В то утро он как раз впервые не уехал, заботился о том, кого считал не более чем другом, наблюдал за его странными сменами эмоций, довольно улыбался, а сейчас что? Облако серого дыма поднимается к потолку, медленно растворяется в воздухе, оставляя после себя приятно пахнущий шоколадом запах, и чем он Лёше не нравится, до сих пор непонятно.        Нужно было срочно исправить всё то дерьмо, к которому оба свели их общение. Идей не было совсем, ровно как и сил на то, чтобы предположить, кто всё же приходил к нему ночью. Последнее, что Вова помнил, так это как Лагода уместил его на мягком диване в гостиной, чей-то тёмный силуэт на лестнице... И голос... ЕГО голос. Точно его, перепутать было трудно, учитывая, насколько хорошо его знает стример. На сердце становится как-то тоскливо от воспоминаний о вчерашнем дне, о его событиях и всём, что тогда происходило. Вова сжимает с силой кулак, садится на краю кровати, делая очередную затяжку, усиленно растирает собственное лицо, пытается придумать хоть какой-то план действий. Нужно попробовать снова поговорить, нельзя оставлять всё как есть, они друзья, чёрт возьми! Столько лет друг друга знают, а тут посраться из-за какой-то мелочи... Да нет, это не мелочь, но сути не меняет, нужно поговорить, попытаться решить всё мирно. Остаться без него насовсем не хотелось вообще. Гнетущие мысли заставили подняться с большой кровати, потушить сигарету в, так удачно оставленную на тумбочке, пепельницу. Поднимаясь, плетётся в сторону ванны, может хоть так получится привести себя в чувства.        Братишкин усиленно трёт глаза, на ходу сонно зевая и потягиваясь всем телом. Уже на подходе к белой двери ванной внезапно сталкивается с кем-то, не очень хорошее настроение позволило бы сорваться и хорошенько обматерить слепого товарища, вот только подняв глаза, Вова столбенеет. Перед ним недовольно потирающий лоб Хесус, его волосы держит излюбленная розовая повязочка, а на лице какая-то тёмно-зелёная маска. Перед Братишкиным сейчас тот самый «домашний» Губанов, расслабленный, сонный и, по-видимому, не до конца осознавший, с кем столкнулся. Стоит только Хесу взглянуть на друга, как он обнаруживает в нём Вову, полуголого, с растрёпанными волосами, и пахнущего шоколадными сигаретами, к запаху которых старший почти привык. 
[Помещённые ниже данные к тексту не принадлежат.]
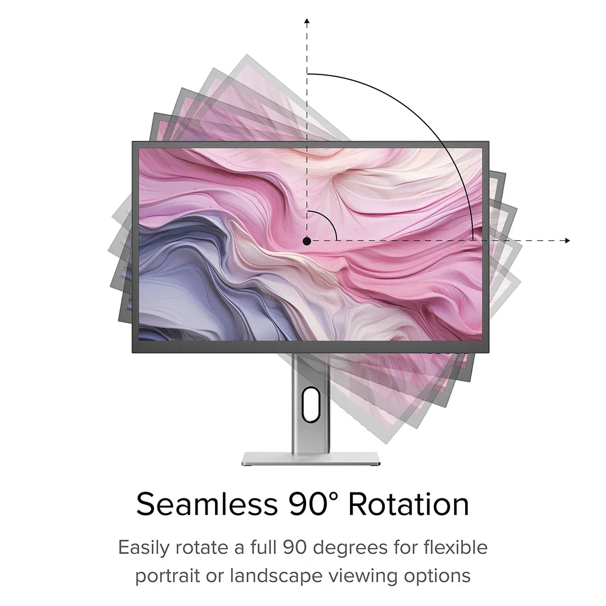 monitor’s height. Rotate the screen between landscape and portrait mode. Or freely tilt the

— Прости... — только и может выговорить Вова, заглядывая в голубые омуты глаз. Сглатывает и неосознанно отводит взгляд, атмосфера между ними напряжённая. 
— Н-ничего... Я забыл кое-что, сейчас, — аккуратно протиснувшись в ванну прямо перед носом Братишкина, сообщает Хес и начинает что-то искать в небольшой ванной комнате.        Вова ловит мысль моментально, заходя следом, закрывает дверь на щеколду, поймав момент зажимает ничего не понимающего Алексея у стиральной машины и с лёгким волнением заглядывает в глаза. 
— Хес... Давай поговорим? — без нажима, без давления и чего-либо, что заставило бы испугаться, но Губанов невольно дрожит, прижимается к машинке сильнее, почти садясь на неё. 
— О-обязательно в такой обстановке? — слегка дрожащим голосом интересуется Хесус, кусает губы и бегает глазами по чему угодно, только бы не смотреть на него. 
— Старый, я не хочу портить наше общение окончательно... Ты мне дорог, я не хочу просирать друга, — вот теперь с нажимом, ловит за подбородок, заглядывает в глаза и, наконец, ловит тёмные зрачки в плен. 
— Вов, отпусти меня... — не знает, что говорить, не собирался рушить дружбу, не дурак, но обстановка не нравится. Выдёргивает голову силой, сжимает челюсть. Из комнаты выскакивает сразу же, как чувствует, что руки, до этого стоящие по бокам, отстранились.        Семенюк готов рычать, выть, орать, кулаками избивать плитку на стене до тех пор, пока кожа не сотрётся до костей. Неприятно, противно, не может только понять, от себя или от него. Тяжело вздыхая, заглядывает в зеркало, под глазами мешки, глаза выдают усталость и разочарование, зря напился вчера, сегодня перед камерой ведь придётся светиться. Наскоро умывает лицо, помогло несильно, но мысли начали более-менее слушаться своего хозяина, позволили хоть часть поставить на места. Нужно отключиться, отдохнуть, нужно пообщаться с ребятами, запустить поток.
В гостиную спускается уже одетый, со всем давно известной «недовольной» миной, на самом деле настроение просто выдавать не хотелось. Внизу людей мало, Татьяна услужливо объясняет, что многие просто не проснулись, сжимает плечо, видно пытается поддержать. Мыслей о том, знает ли она ситуацию или просто видит состояние, как-то не возникло. Вместе с парочкой ребят из сквада начинают настраивать оборудование, это займёт какое-то время, позволит ненадолго освободить голову от всех этих мыслей и воспоминаний, и первое время это даже помогает.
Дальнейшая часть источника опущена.